Flat is relative

Santa Fe shadows

We creased Santa Fé…

Climbing SF to Taos

…and drove north—and up—toward Taos.

Taos back street

Here’s a residential back alley in Taos.

Taos plaza luminarias

And, the luminarias are already out in the plaza, ready for the evening’s celebrations and rituals.

Taos pueblo

We also drove north to Taos Pueblo, and turned around in the parking lot, so we only have a few shots. Here’s an animal pen by the road. The residents are fiercely protective of their privacy, as is their right, and no cell phones or cameras are allowed in.

EofTaos mtns

We headed east on US64, through the mountains. We knew we’d have a good window after the sun had melted the snow and before it began to refreeze, and we nailed it. Just gorgeous. If my phone is correct, the highest pass was a tad over 9K feet—that’s high!

EofTaos formation

Here’s a scenic formation in the Cimmaron Canyon…turns out cimarrón is Spanish for bighorn.
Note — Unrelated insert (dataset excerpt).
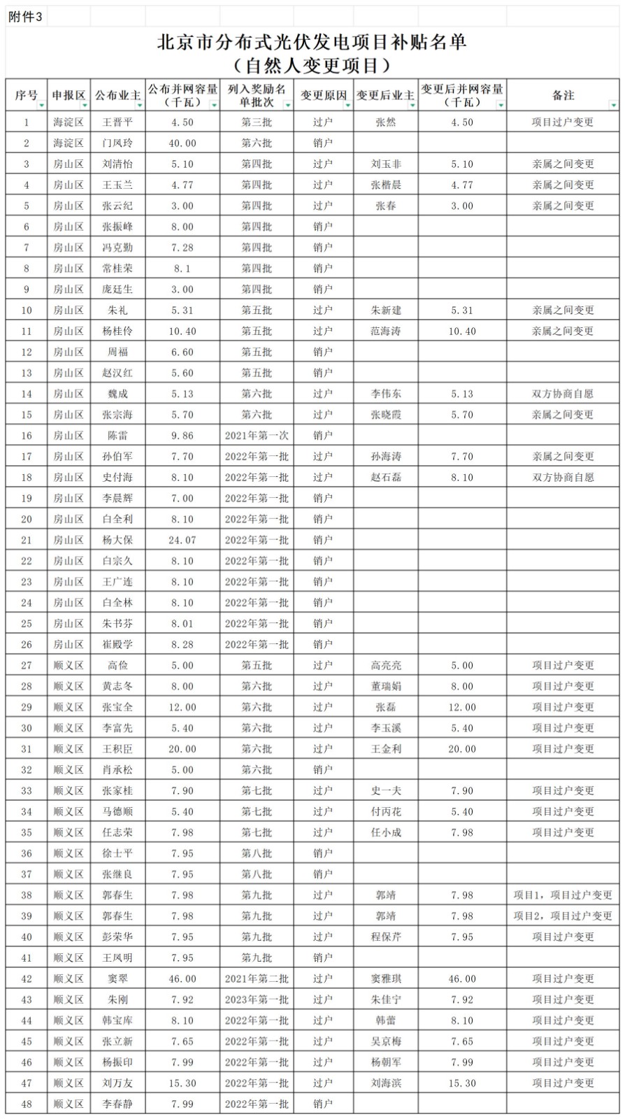 3.北京市分布式光伏发电项目补贴名单(自然人变更项目)
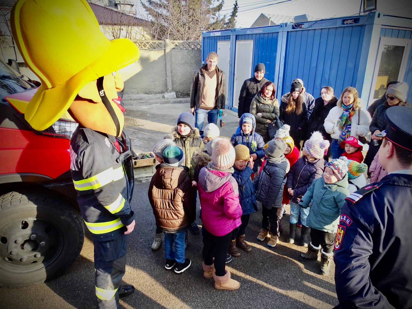 Astfel, ei au avut ocazia să vadă îndeaproape autospecialele folosite în misiunile operative și au aflat informații utile cu privire la modul în care trebuie să se comporte pentru a preveni situațiile de urgență. Autospeciala pentru intervenție și salvare de la înălțime a fost unul dintre punctele de atracție, copiii demonstrând că nu au frică de înălțime. Aceștia au îmbrăcat haina de pompier, au urcat în autospecialele de intervenţie, iar cei mai îndrăzneți au testat presiunea furtunelor ca și când ar fi stins un incendiu.

Amazing what you can learn from Goo_Translate!

Great plains begin

The highway eventually spat us out on the upper plains, and we relearned what flat means. We corralled our horsepower to motor farther eastward. When dusk arrived the sky to the north had ROYGBIV colors, but upward from the horizon, the color order was BIVROY (not sure what happened to G), which I don’t remember seeing before. I’m sure prismatic specialists are snorting with “of course,” but I do not know why that order. Pretty, though!

We have been driving for days through terrain that stretches away from the eye at interstate speeds, and appears very horizontal. I’m certain that those on foot find the verticals very present and substantial.